I also don't agree on avoiding base cleric. Evangelist requires charisma, which you can otherwise dump and loses spontaneous cures. Ecclesiastheurge gives up the valuable longspear proficiency. Stat consolidation eats too many early feats to make up the proficiency, Irori doesn't have three domains the build would want, and the only domain spell that isn't on the cleric list is first level. You can wand it or use cheap pearls of power. The other abilities do not benefit the desired role.
The Devout Pilgrim either requires selecting a thematically incompatible deity or giving up one of your domains and the archetype abilities, though favorable exchanges, are also not useful for a battle cleric or healer.

The OP's goal is a fighter healer and casting or support archetypes don't bring him any closer, even if the trades are favorable in a vacuum.


Yes, but you have a monk base for proficiencies. Longspears are nice for control, but I'd assume you want to flurry, which requires multiple feats to even begin to attempt with a longspear. UMonk has better flurry weapons than an unarmed strike. Ecclesiastheurge makes you a better caster and gives you the option to spontaneously cast any single spell you know. Plus, you can swap out the spells on one of your domains, so you can pick a domain with good powers and bad spells. And on top of that, you get a magical amulet at 1/2 cost.


Evangelist's weapon proficiencies are unaffected, and it can get away with 10 CHA since that only costs it a few rounds of performance. It doesn't actually need to take Perform: Oratory since the only Evangelist performance that it affects is Countersong. Loss of spontaneous Cures does hurt it as a healer though.

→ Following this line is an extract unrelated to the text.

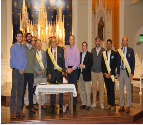
Council 4472 in Pass Christian welcomed some new members.

Herald Caller gives up one domain and armor proficiency, but gains all the Summoning it needs for free, while retaining full Channel progression and spontaneous cures. Summoning is great in general, and starting around Summon Monster 4, Good outsiders get healing abilities which they can use on the party if they have a few rounds left after the fight ends (or when the fight is all but over).


Control and flurry are not mutually exclusive. A monk can make unarmed strikes without caring what's in his hands and can make AoOs with a longspear while flurrying with his unarmed strike. He can do this out of the box. The -4 nonproficiency penalty without getting simple weapon proficiency elsewhere makes it not very effective.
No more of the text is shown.